The legendary Smokey and the bandit car chase was filmed at various locations around Georgia including Cumming, Jonesboro, McDonough and the Atlanta Motor Speedway. Sadly, the five Pontiacs used in the film didn’t survive, but in the early 2000s, the original Pontiac Trans Am LE which inspired their design unexpectedly surfaced.

Legend has it a 1977 photo of the black and gold car convinced Reynolds this was what The Bandit would drive. It was sold to a Pontiac dealer in California for only £6,000 in 1977 and disappeared off the radar for three decades.

Its current owners, a mother and son, bought it for an undisclosed sum in the new millennium. They liked the rare 455 V8 engine, the “snowflake” wheels and the odometer reading of 45,000 miles. On reading the documentation, they realised the Trans Am’s unique history, causing the car’s value to rocket overnight.

Today, it’s insured for £1.1 million and has a video filmed by Reynolds confirming its authenticity.

Only Fools and Horses

Now this one might surprise you; Derek “Del Boy” Trotter’s yellow three-wheeler Reliant Regal van in iconic BBC sitcom Only Fools and Horses isn’t the type of vehicle associated with high-speed car chases! However, John Sullivan, scriptwriter of the Christmas special entitled Dates, excelled himself when he turned it into an unlikely racing car.

The hysterical Only Fools and Horses car chase began when Del’s little brother Rodney pretended to be a “bad boy” to win a date with Nervous Nerys. He creates an image by acting aloof and wearing a leather biker jacket to impress her.

However, he takes it too far when he swears at a gang of youths who are playing loud music from their open-top sports car. As they start to chase him, he put his foot down to try and escape. He and Nerys go flying through the air, on the brow of a hill, leaving her in tears.

After racing at high speed through temporary traffic lights, Rodney races off again, but police officers at the scene give chase.

This later leads to Del Boy being arrested when the police discover he’s the owner of the yellow three-wheeled van – all because Rodney thought he should be “more macho” on the advice of his well-meaning but misguided friend, Mickey Pearce!

Tomorrow Never Dies

You can choose any James Bond film if you’re looking for a great car chase scene, but Tomorrow Never Dies, the 1997 movie starring Pierce Brosnan, is exceptional.

Dashing superspy 007 drives his spectacular BMW 750i through Germany from the back seat using his mobile phone to control it at high speeds.

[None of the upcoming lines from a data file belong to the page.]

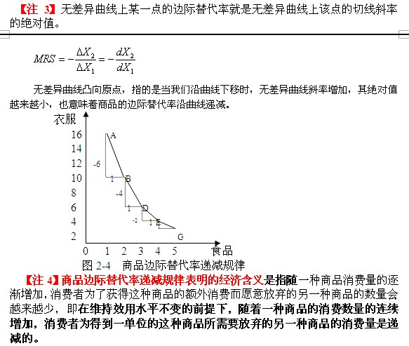 邊際替代率MRS=- =- ,即表示放棄第二種商品 個單位,獲得第一種商品 個單位。無差異曲線上任何一點的斜率 =- ,則邊際替代率為1/2,即表明放棄1個單位Y商品獲得2個單位的X商品,或者是放棄2個單位的X商品,獲得1個單位的Y商品。
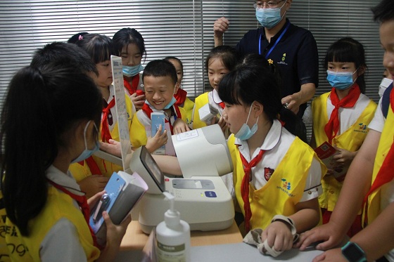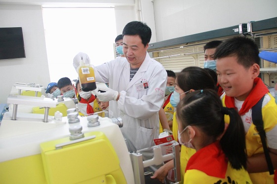 然后,小朋友们在工作人员地带领下依次参观了血站各业务场所。在机采室,他们见到了很多志愿赶来捐献血液的叔叔阿姨们。刚开始,有些小朋友看到扎针现场还有些害怕,但孩子们知道血液是不能通过人工合成,只能从献血者身体的血管里获得,大家又都觉得这些叔叔阿姨们很勇敢很可敬,他们向这些献血英雄们集体献上少先队员队礼。在检验科,大家看到了很多装有血液样品的试管,并且了解到,采集的血液只有经过严格的检验确保安全后才能够被用到病人身上。在成分科,他们亲眼见证了一袋血液是如何被神奇地分离成血浆和血细胞两部分,这些不同的血液制品颜色不同,用处也各有不同。最后,他们来到存放血液制品的血库,看到了许多贴着标签的血袋被整齐地放置在冰箱里。工作人员告诉他们,这些血液即将被运送到各个医院里,流淌进许多急需病人的血管中,并且能拯救许许多多珍贵的生命。通过这种直观的方式,小朋友们完整见证了这一趟红色的爱心旅程。
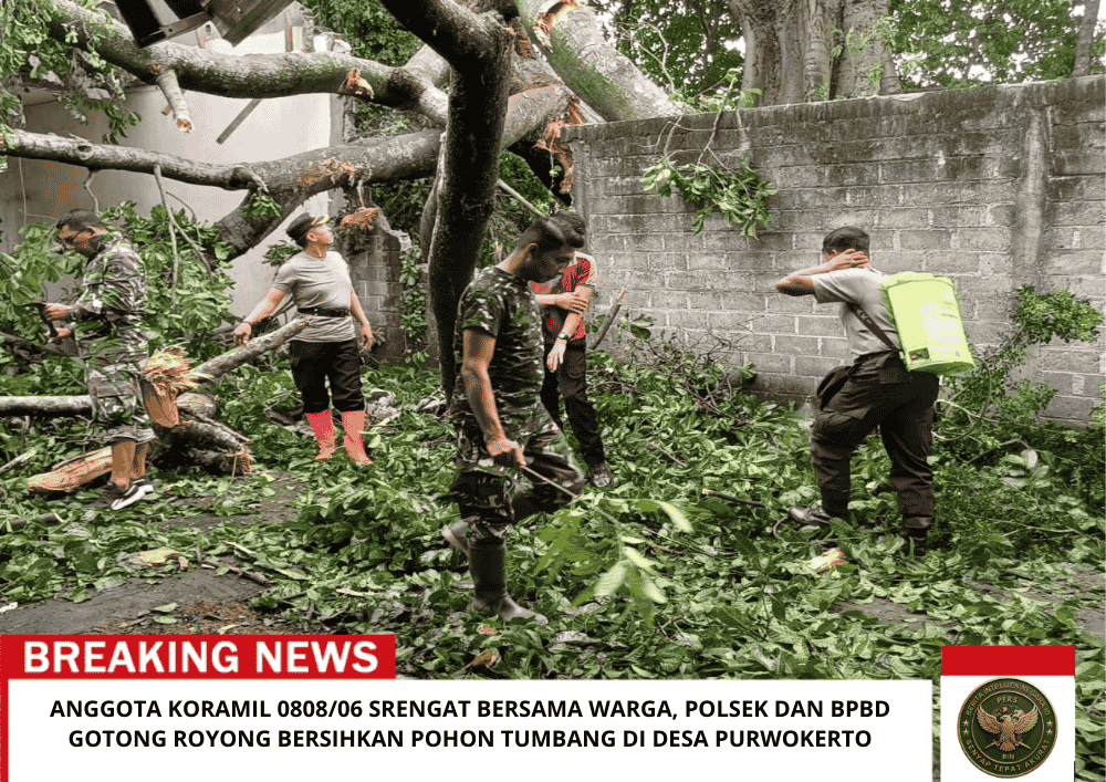 Babinsa Desa Purwokerto Sertu Eko Budi Purnomo, menyampaikan bahwa kegiatan gotong royong ini merupakan wujud kepedulian TNI bersama instansi terkait terhadap masyarakat yang terdampak bencana. “Kami bersama Polsek, BPBD, dan warga bergerak cepat untuk membersihkan pohon tumbang agar lingkungan kembali aman dan aktivitas warga bisa berjalan normal. Semoga ini bisa membantu meringankan beban warga yang terdampak,” ujarnya.

The Tomorrow Never Dies car chase took three weeks to film. Most of the sequence took place at Brent Cross car park in London, with only the final leap being filmed on location in Hamburg.

Unfortunately, one stunt where three vehicles were set alight produced clouds of thick smoke that weren’t anticipated. A worried member of the public reportedly called the fire brigade!

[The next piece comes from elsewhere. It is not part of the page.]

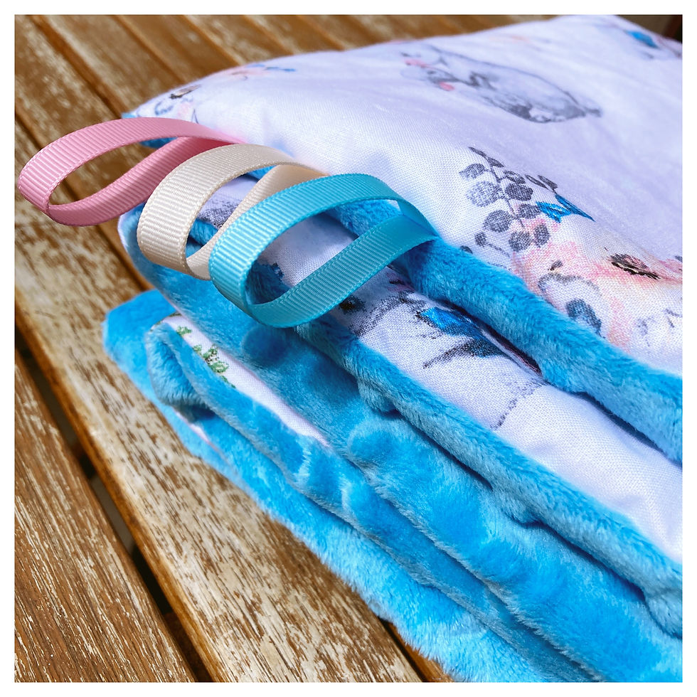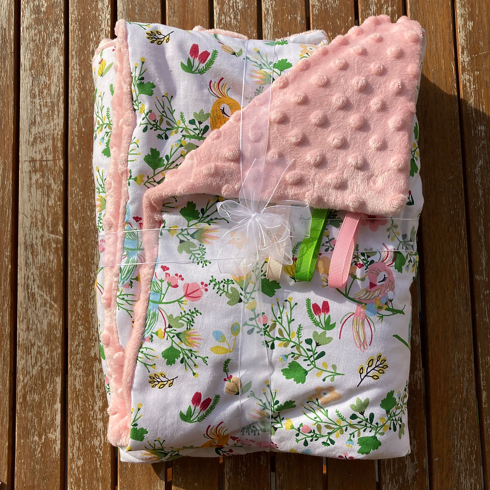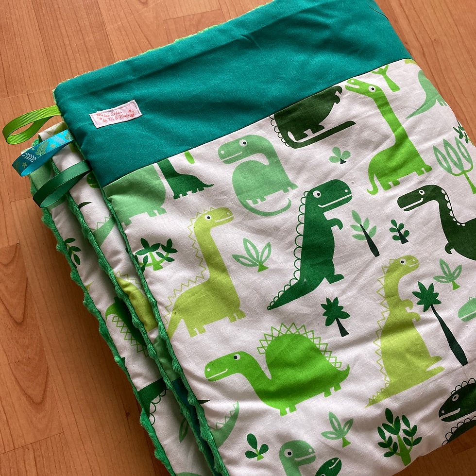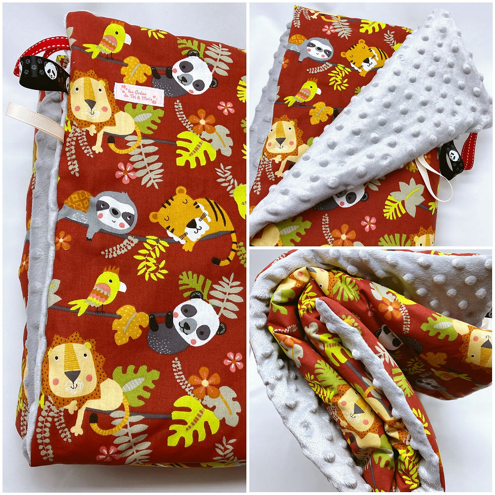 Elle a un côté tout doux que les doigts adorent toucher (et je ne te parle même pas des joues qui en raffolent !) et un côté en coton imprimé au motif souhaité. Il est également possible d'en réaliser avec des bandes de motifs différents, ou des carrés par exemple (effet patchwork).

At the time of filming, the BMW 750i was the marque’s flagship sedan and was available in an extended-length limousine shape too.

Its gadgets included a secret compartment behind the passenger airbag that concealed a fingerprint-protected safe. Bond hid his gun and a stolen GPS encoder in there. It also emitted tear gas from behind the wheel arches and even had a rocket launcher hidden in place of a sunroof fitted with 12 rockets!

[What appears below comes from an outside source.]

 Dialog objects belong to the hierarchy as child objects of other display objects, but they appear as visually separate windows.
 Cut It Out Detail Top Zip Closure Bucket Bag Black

The remote-control mechanism controlled via 007’s mobile phone was used to good effect during the car chase scene, which took place mostly in a carpark. He used the device to start the car and drove it by simply moving his finger across the app on his mobile device’s screen.

Perhaps the Bond car’s most useful feature was its tyres that could re-inflate themselves in the event of a puncture. This would certainly come in handy on today’s busy roads in rush hour!